Masking Sensitive Data with SQL Server 2016

Rate me:
Please Sign up or sign in to vote.
4.92/5 (17 votes)
15 Aug 2016CPOL5 min read
How sensitive data in SQL Server 2016 can be masked from the outer world using Dynamic Data Masking
In this article, we will understand what Dynamic Data masking is and how it helps to eliminate all the chances of unmasked data getting revealed.

Data Masking

Introduction

At the time of writing this article, it’s been more than 2 months since the most secure and powerful SQL Server yet released for the public. It has many features which you can use to make your data and application more secure, more maintained and easily retrieved as per your requirements. It has introduced both client side security such as Always Encrypted as well as server side security such as Data masking, etc. In this post, we’ll examine how Dynamic Data Masking can help secure our data.
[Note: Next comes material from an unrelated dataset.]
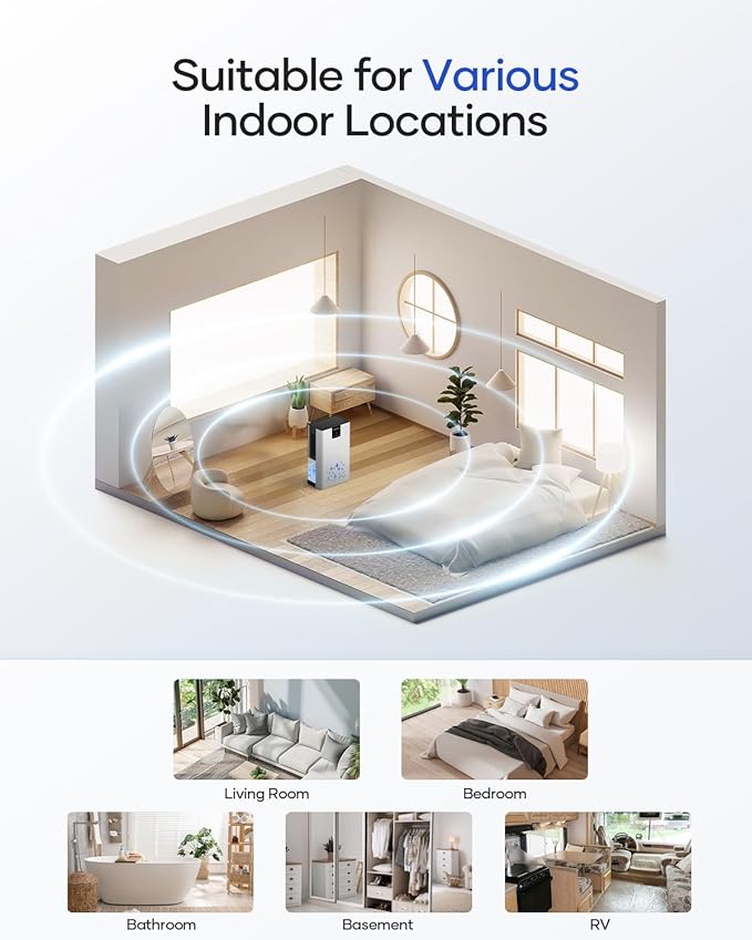 - WHISPER-QUIET DUAL MODES FOR EVERY NEED: Switch between Powerful Mode (30-40 dB) for rapid dehumidification and Night Mode (20 dB), one of the quietest dehumidifiers on the market. Whether you need a bedroom dehumidifier for peaceful sleep or a portable dehumidifier for RV adventures, it adapts seamlessly without disrupting your routine

Earlier, we were masking the sensitive data by applying logic at application end or by replacing characters at SQL Server end and then returning the masked data to the application. In the former case, the risk was at:

  1. When application fails to mask data
  2. Sensitive data transferred over network
  3. All the users in SQL Server with SELECT permission still can access the unmasked data

In the later case, the first two risks are eliminated but still there is a chance that the sensitive data can be revealed by the SQL Server user through which the application retrieves data.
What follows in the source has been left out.